Rev. Dr. Samantha Lynne Wilson 

Samantha (Sam) Wilson (she/her) loves people and communities in transition and transformation. She specializes in accompanying individuals, small groups, organizations, and coalitions in moments where change is possible: conflicts, interim ministries/ministries of change, life/group transitions, and cultural/social transformations. 

Samantha fell in love with restorative practice when she joined her tenth-grade high school peer mediation class. Her approach to restorative practice was then shaped in circles by leaders in the Ahimsa Collective, a skilled community of practitioners and mentors working inside and outside of prisons to “respond to harm in ways that foster wholeness for everyone.” She was also formed by her work with White People for Black Lives and efforts to design a Restorative Culture Team that worked across coalitions to support movement-building and anti-racist community organizing rooted in restorative culture. 

As a minister, Samantha delights in the beauty, humor, and tenderness of modern congregational life. She is a lifelong Unitarian Universalist and was ordained as a minister in 2018. She sees ministry as facilitation: ministers are called to bring ease to the transformations people and congregations identify as part of their mission and values. Her sermons, group facilitation, care, and organizational change efforts are based on humor, humility, compassion, and a belief that the hardest moments in congregational life are the places where new life is possible. She is a staff member with the UUA as a Hope for Us Conflict Engagement Coach for the denomination. 

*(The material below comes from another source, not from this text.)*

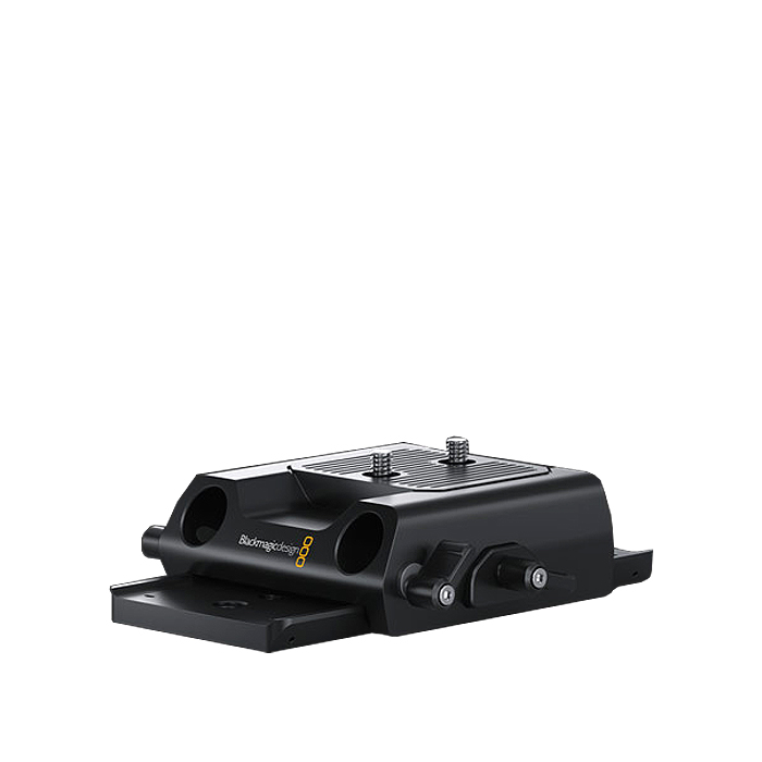 Blackmagic Studio Camera is easy to attach to a variety of tripods and even camera supports such as cranes, whether you’re in the studio or on location. The tripod mount makes setup easy and simply slides on common video tripod heads. It also has two horizontal mounting holes so you add optional rails for heavy items such as teleprompters matte boxes or heavy lenses.

Samantha’s approach as a community psychologist honors the psyche of a community: communities have dreams, stories, wounds, and ideas about themselves that show up in our words and our behaviors. This organizational culture shapes us and is shaped by us – organizations require psychological, social, creative work and tending. Her doctoral research specialized in the specific culture-building practices of a white, anti-racist organization as it grew from a dozen to thousands of members in Los Angeles. Her research is at the intersections of community psychology, identity development theory, organizational development, movement work, and restorative practice.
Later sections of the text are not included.